### REQUIRED ACTION
Transcribe the records below in their entirety, and leave out each image.

### EXTRACTED INFORMATION
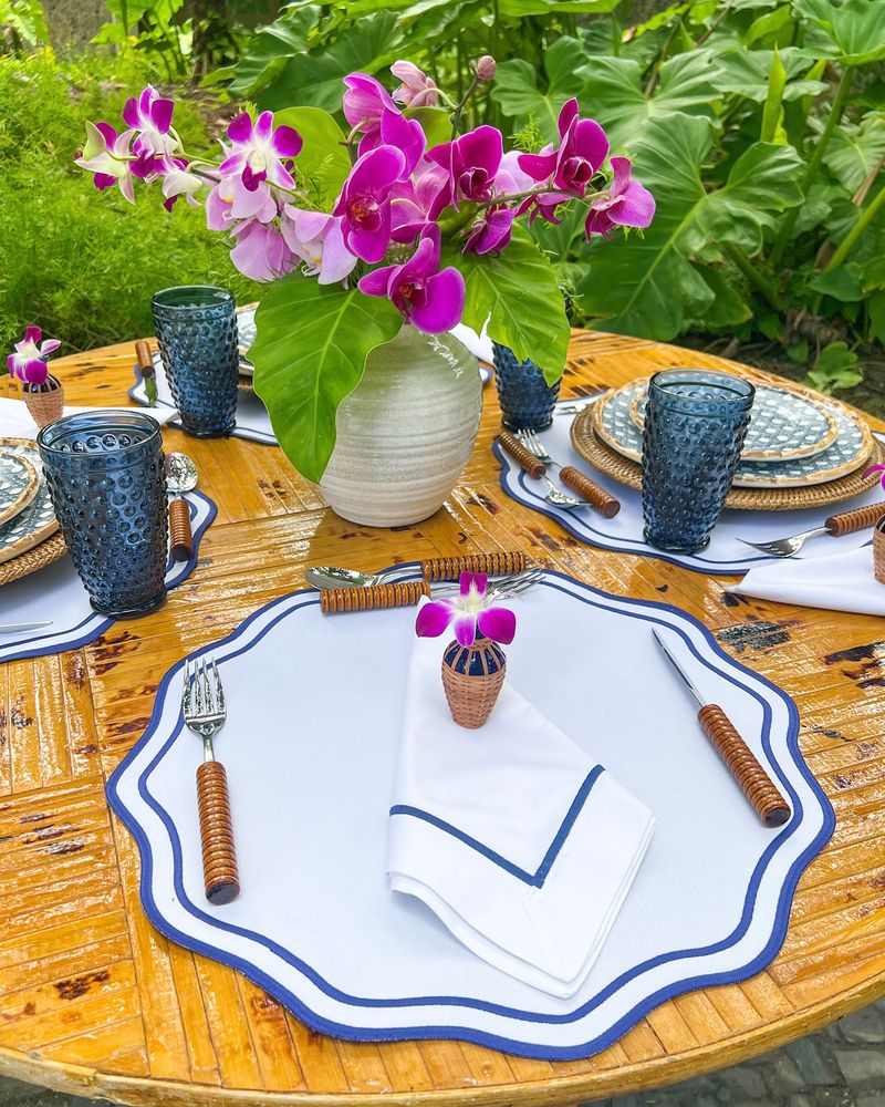 Guardanapo de algodão percal medida 50x50cm com bordado de barra palito azul marinho.
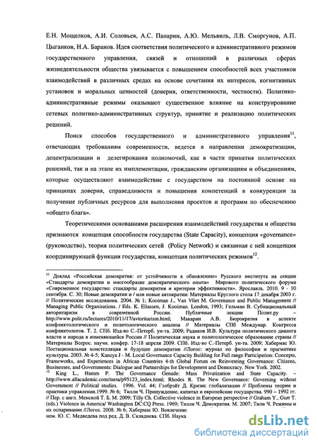Выступление В. Суркова «Модернизация: материальный ресурс свободы» на конференции «Социальное измерение модернизации». М. 29 сентября 2010 г. Сайт Президента Российской Федерации - http://state.kremlin.ru/administration/918 практик «неучастия» в проектах власти, заложенных неисполнением обязательств государством, малой результативностью осуществленных масштабных социальных проектов (монетизация льгот, реформирование системы здравоохранения, пенсионная реформа). Авторы доклада Русского института «Российская демократия: от устойчивости к обновлению» пишут, что «система ищет защиту не столько от шаблонных безумств толпы, сколько от шаблонных ошибок и преступлений исполнительной власти»303. Какой институт, помимо государства способен мобилизовать нацию на развитие экономико-технологического потенциала и конкурентоспособности, реализуя свои социальные способности, обеспечивая стабильность власти и ее эффективность, определяя правила игры и контролируя их соблюдение, поддерживая уровень образования и технической компетенции, выполняя крупные проекты и управляя крупномасштабными производствами, формируя для их осуществления финансовые рынки и институты, способные привлечь инвестиции, создавая условия для «выгодности» повышения уровня «честности» государственных и частных институтов и роста доверия к ним . Бюрократия, государство должны стать иными, выполняя базовые функции на основе веберовских принципов компетентности, беспристрастности, достойном вознаграждении труда, обеспечивая безопасность граждан и страны, предоставляя услуги гражданам на принципах равенства и справедливости.
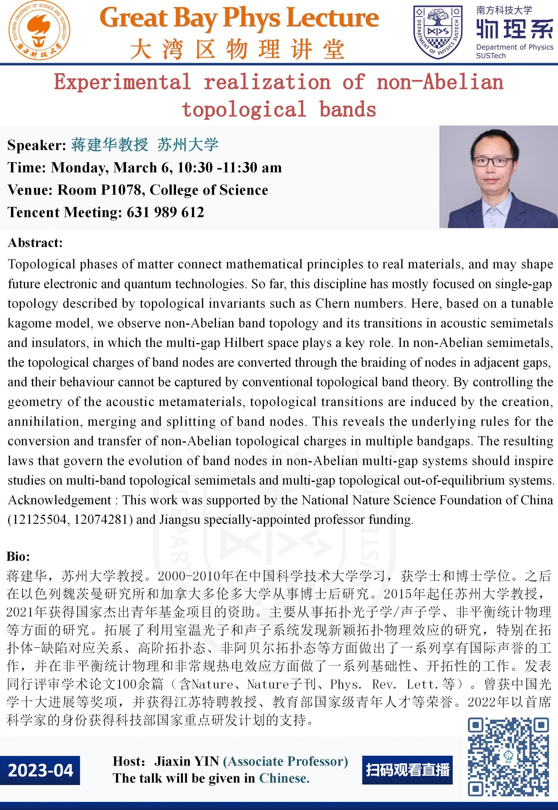 Room P1078, College of Science,Tencent Meeting ID: 631 989 612
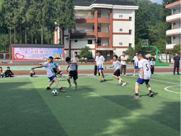 儀式結(jié)束后,協(xié)會的部分足球愛好者與同河小學(xué)的同學(xué)們進行了一場足球友誼賽,讓孩子們更加深刻地感受到團結(jié)、協(xié)作、拼搏、勇敢、爭先的的體育精神。 君暢黨支部希望以自己的微薄之力,傳遞更多的希望,助力學(xué)生在體育鍛煉中享受樂趣、增強體質(zhì)、健全人格、錘煉意志,用愛心助力放飛孩子們的體育夢想。
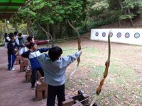 アーチェリーのグループはアッという間に上達し、的の真ん中に当てることができる人も...
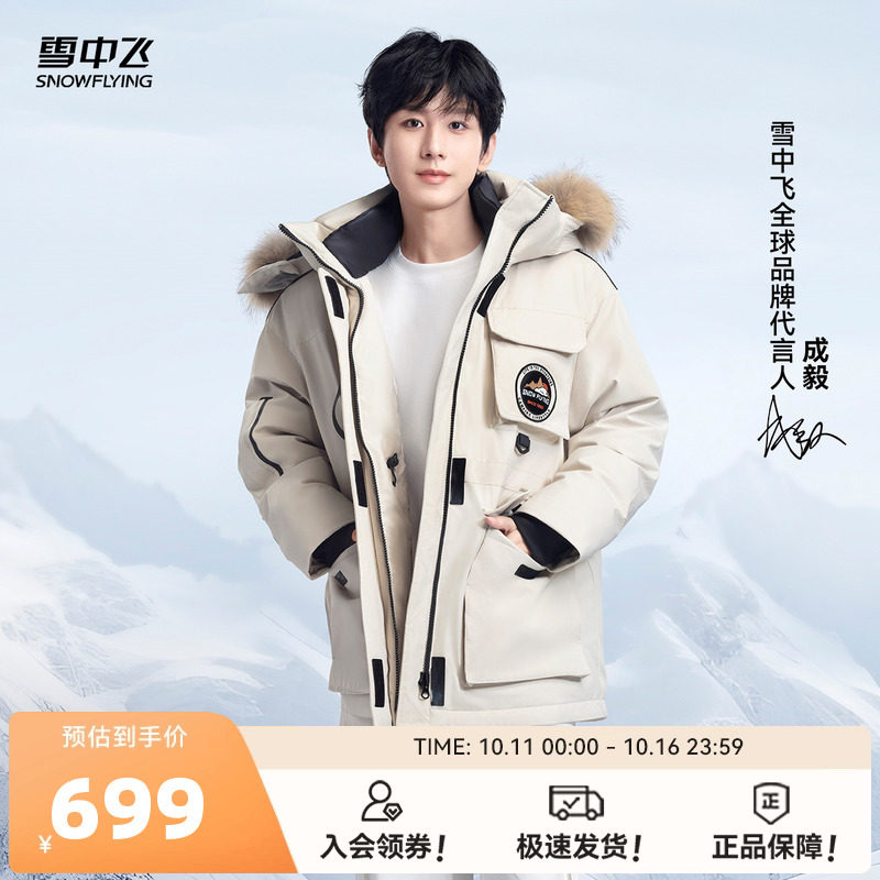 [Чэн И в том же стиле] Fei Naika пуховая спецодежда в снегу 25 зимних новых мужских и женских гусиных пуховиков Parker с воротником из меха енота
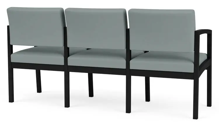 The Lenox Steel 3 seat sofa with center arms has graceful transitional styling and upholstered seat and back cushions will give your space a light, airy look.
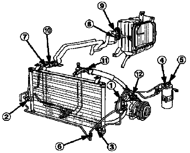 (4) Condenser pipe to the receiver/dryer
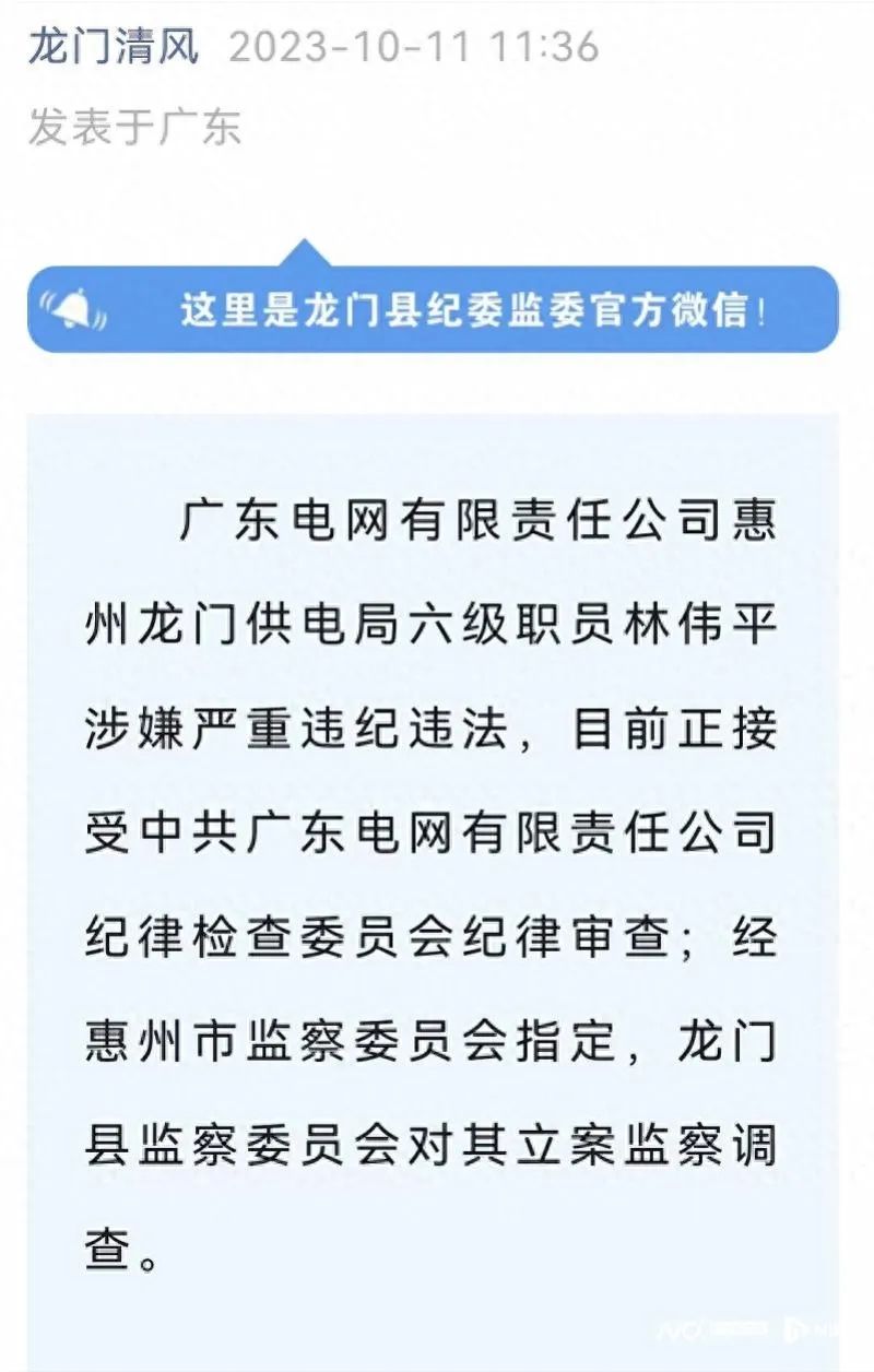 廣東電網(wǎng)有限責(zé)任公司惠州龍門供電局六級職員林偉平涉嫌嚴(yán)重違紀(jì)違法,目前正接受中共廣東電網(wǎng)有限責(zé)任公司紀(jì)律檢查委員會紀(jì)律審查,經(jīng)惠州市監(jiān)察委員會指定,龍門縣監(jiān)察委員會對其立案監(jiān)察調(diào)查。
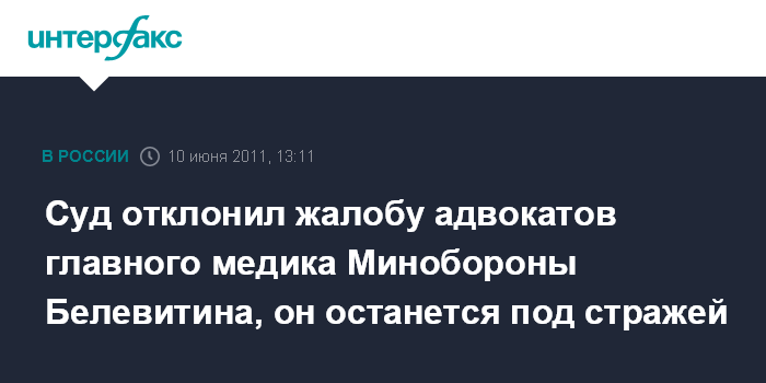 Москва. 10 июня. INTERFAX.RU - Московский окружной военный суд (МОВС) оставил под стражей главного медика Минобороны РФ генерал-майора Александра Белевитина, обвиняемого в получении взятки в размере 4,7 млн рублей.
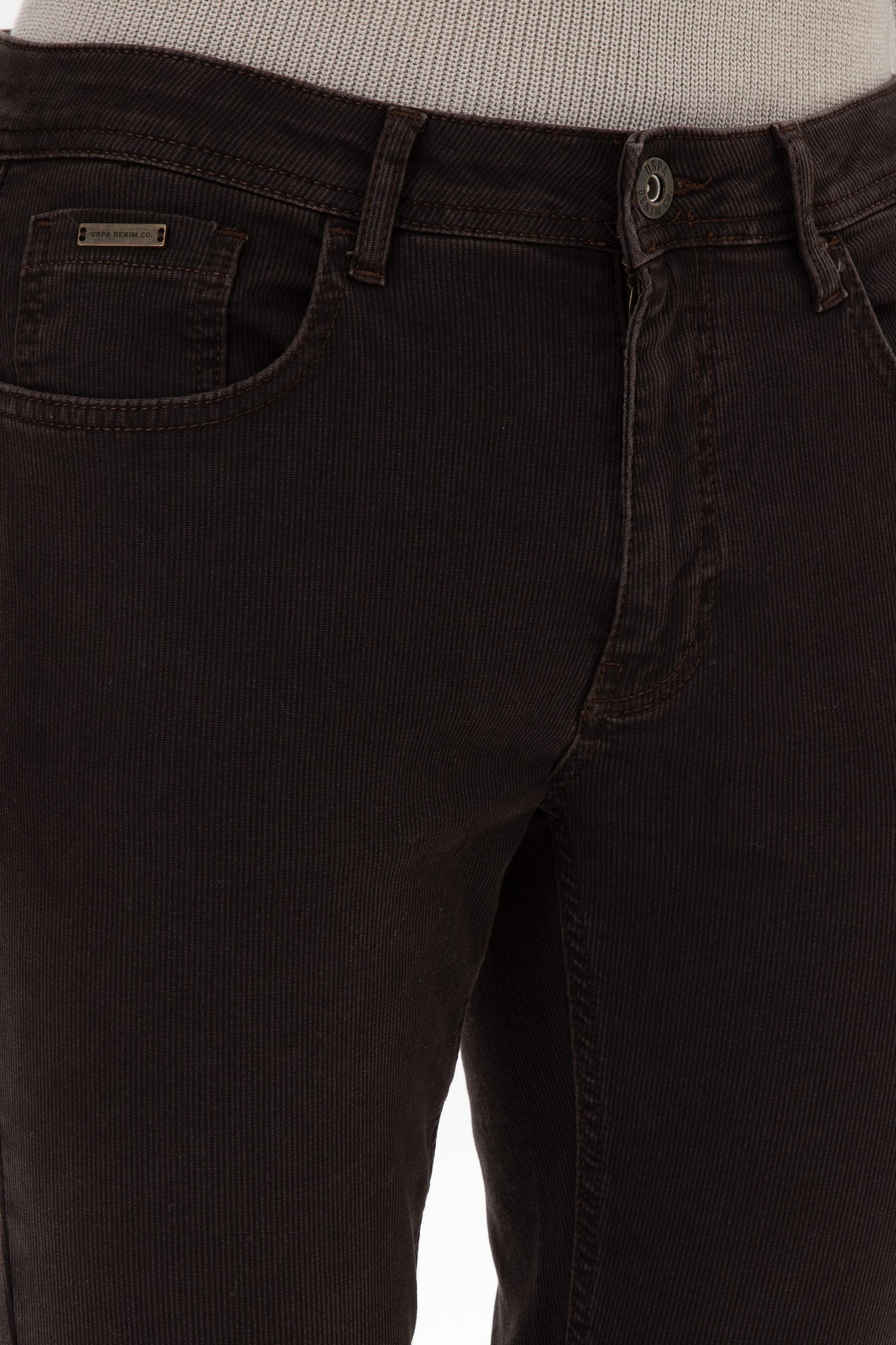 Erkek Koyu Kahverengi Slim Fit Jean Pantolon

### TASK RESPONSE
 Guardanapo de algodão percal medida 50x50cm com bordado de barra palito azul marinho.
Выступление В. Суркова «Модернизация: материальный ресурс свободы» на конференции «Социальное измерение модернизации». М. 29 сентября 2010 г. Сайт Президента Российской Федерации - http://state.kremlin.ru/administration/918 практик «неучастия» в проектах власти, заложенных неисполнением обязательств государством, малой результативностью осуществленных масштабных социальных проектов (монетизация льгот, реформирование системы здравоохранения, пенсионная реформа). Авторы доклада Русского института «Российская демократия: от устойчивости к обновлению» пишут, что «система ищет защиту не столько от шаблонных безумств толпы, сколько от шаблонных ошибок и преступлений исполнительной власти»303. Какой институт, помимо государства способен мобилизовать нацию на развитие экономико-технологического потенциала и конкурентоспособности, реализуя свои социальные способности, обеспечивая стабильность власти и ее эффективность, определяя правила игры и контролируя их соблюдение, поддерживая уровень образования и технической компетенции, выполняя крупные проекты и управляя крупномасштабными производствами, формируя для их осуществления финансовые рынки и институты, способные привлечь инвестиции, создавая условия для «выгодности» повышения уровня «честности» государственных и частных институтов и роста доверия к ним . Бюрократия, государство должны стать иными, выполняя базовые функции на основе веберовских принципов компетентности, беспристрастности, достойном вознаграждении труда, обеспечивая безопасность граждан и страны, предоставляя услуги гражданам на принципах равенства и справедливости.
 Room P1078, College of Science,Tencent Meeting ID: 631 989 612
 儀式結(jié)束后,協(xié)會的部分足球愛好者與同河小學(xué)的同學(xué)們進行了一場足球友誼賽,讓孩子們更加深刻地感受到團結(jié)、協(xié)作、拼搏、勇敢、爭先的的體育精神。 君暢黨支部希望以自己的微薄之力,傳遞更多的希望,助力學(xué)生在體育鍛煉中享受樂趣、增強體質(zhì)、健全人格、錘煉意志,用愛心助力放飛孩子們的體育夢想。
 アーチェリーのグループはアッという間に上達し、的の真ん中に当てることができる人も...
 [Чэн И в том же стиле] Fei Naika пуховая спецодежда в снегу 25 зимних новых мужских и женских гусиных пуховиков Parker с воротником из меха енота
 The Lenox Steel 3 seat sofa with center arms has graceful transitional styling and upholstered seat and back cushions will give your space a light, airy look.
 (4) Condenser pipe to the receiver/dryer
 廣東電網(wǎng)有限責(zé)任公司惠州龍門供電局六級職員林偉平涉嫌嚴(yán)重違紀(jì)違法,目前正接受中共廣東電網(wǎng)有限責(zé)任公司紀(jì)律檢查委員會紀(jì)律審查,經(jīng)惠州市監(jiān)察委員會指定,龍門縣監(jiān)察委員會對其立案監(jiān)察調(diào)查。
 Москва. 10 июня. INTERFAX.RU - Московский окружной военный суд (МОВС) оставил под стражей главного медика Минобороны РФ генерал-майора Александра Белевитина, обвиняемого в получении взятки в размере 4,7 млн рублей.
 Erkek Koyu Kahverengi Slim Fit Jean Pantolon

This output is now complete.